Financial ratings firm AM Best has removed Bermuda-based PartnerRe from under review with negative implications and assigned a negative outlook to the company’s financial strength rating A+ (Superior) and issuer credit ratings of “aa-” along with its affiliates.

AM Best also removed from under review with negative implications and assigned a negative outlook to the Issuer Credit Rating (ICR) of “a-” and debt ratings of its parent, PartnerRe Ltd.

According to Best, the negative outlook reflects the reinsurer’s 2011 financial performance, which “was not in line with other superior-rated companies and below AM Best’s expectations”.

“While one year’s operating performance does not indicate a trend, the accumulation of catastrophe losses experienced by PartnerRe in 2011 has strained average historical profitability measures,” said the ratings company in a statement.

PartnerRe Ltd reported a $520 million net loss in 2011 as it suffered $1.79 billion in net catastrophe losses. The $520.3 million net loss for 2011 amounted to $8.40 per share and compared to a profit of $852.6 million, or $10.46 per share, in 2010.

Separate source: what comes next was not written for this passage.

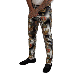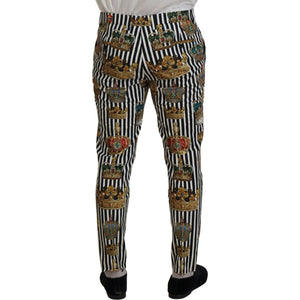 تمتع بالرقي الذي لا ينضب مع بنطال تشينو الرائع من دولتشي آند غابانا. تم تصميم هذه السراويل لتحقيق الكمال، فهي أكثر من مجرد قطعة ملابس؛ انهم بيان الاسلوب. يتميز النمط المخطط باللونين الأبيض والأسود المذهل بطبعة تاج ذهبية جذابة، مما يجعلها مزيجًا مثاليًا من الأناقة العصرية والسحر الملكي. سواء كنت تحضر حدثًا رسميًا أو ترتدي ملابس لنزهة راقية، فإن هذا البنطلون يعدك بأنك ستفعل ذلك مع جو من الفخامة الراقية.

AM Best stated that it believes that PartnerRe has a solid risk management framework that identifies and measures risks to its organisation.

“However, as for the crucial component of managing risk, AM Best believes that PartnerRe’s mitigation of risk to an outsized market loss during the integration of the acquired Paris Re portfolio was contemplated, and accepted by the company, but represented a risk appetite that led to greater earnings volatility as compared to prior years and similarly rated peers,” it said.

The ratings firm added: “PartnerRe has made meaningful changes to its catastrophe risk profile, and going forward the anticipation is that operating results will be consistent with this adjusted profile and not outsized compared to other peer companies.”

According to Best, the ratings reflect the group’s strong risk-adjusted capitalisation, solid long-term track record and the company’s strong business profile as a truly global reinsurance organisation.

The company added that PartnerRe has a talented management team with the resources, access and ability to write multiple lines of business in various geographies around the world. “PartnerRe remains capable of delivering strong prospective operating results,” it said.

The ratings firm said that factors that could result in a downgrading of PartnerRe’s ratings include unfavourable operating profitability relative to the market. Additional factors that could place downward pressure on the ratings would be an altered view of PartnerRe’s risk management capability or a material decline in its risk-adjusted capital as a result of catastrophe or investment losses.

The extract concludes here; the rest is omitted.